Welcome to the Limon Lab
Malfunctioning synapses steal life away from millions of people worldwide every day. Alzheimer’s disease, schizophrenia, depression, autism spectrum disorders are all considered synaptic disorders. Why and how does synaptic activity go astray and produce these debilitating conditions? No one knows the answer for sure. However, as our understanding of the intrinsic nature of abnormal synaptic activity in these conditions grows the closer we are to the answers.
Our long-term goal is to elucidate the physiological and pathophysiological processes that underlie synaptic and extrasynaptic remodeling of inhibitory and excitatory signaling in neurological and psychiatric disorders. With this information, it should be possible to advance knowledge of synaptic interactions in health and the rearrangements produced by disease to a point where rational strategies can be developed for effective treatments of neurological and psychiatric disorders.

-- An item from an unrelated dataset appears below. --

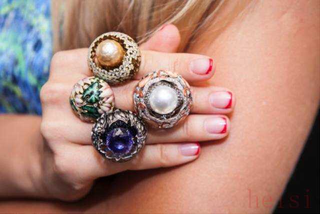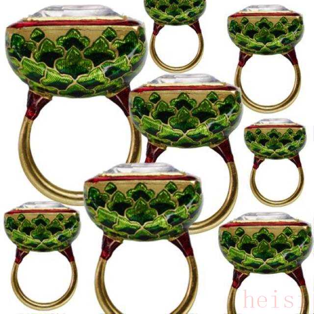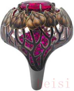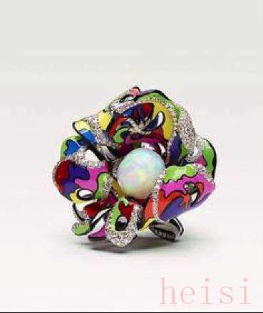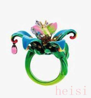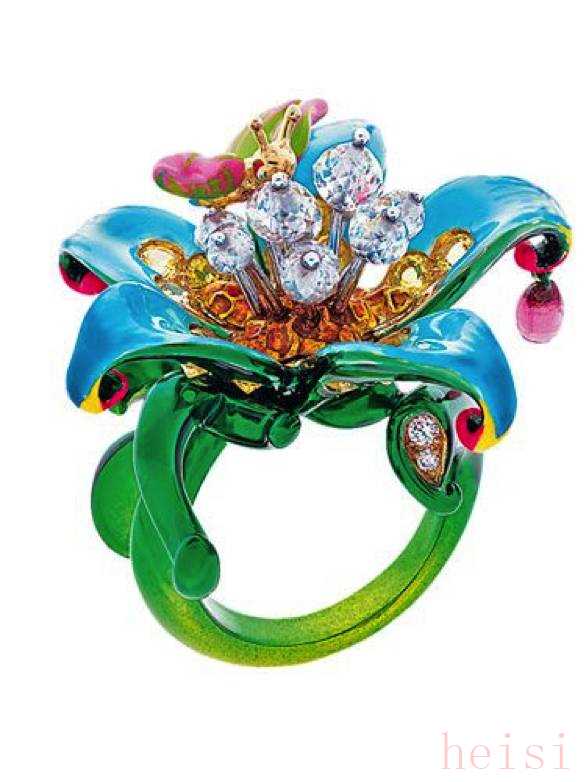 迪奥风格色彩明快艳丽,几乎所有的金属上都有颜色的存在,这些作品上,出现的珐琅并不是传统的高温明火珐琅,而是低温珐琅,这种材料的特点就是,温度低,工艺难度小,戒托上的颜色则是烤漆工艺。

We use an integrative synaptic interaction model that depicts the electrical and chemical stimuli and responses of neural receptors and ion channels in the multiple dimensions of time, space and domain (gene and protein expression, biophysics, pharmacology and physiology). We use electrophysiological data from reactivated, native synaptic receptors extracted from healthy and diseased human brains by Microtransplantation of Synaptic Membranes (MSM), and by integrating this functional information with transcriptomic and proteomic data from the same cohort. This integrative approach has provided our group with deeper understanding of molecular processes that are most likely occurring in living human brains affected by neurological and psychiatric disorders like Alzheimer’s disease, schizophrenia and autism.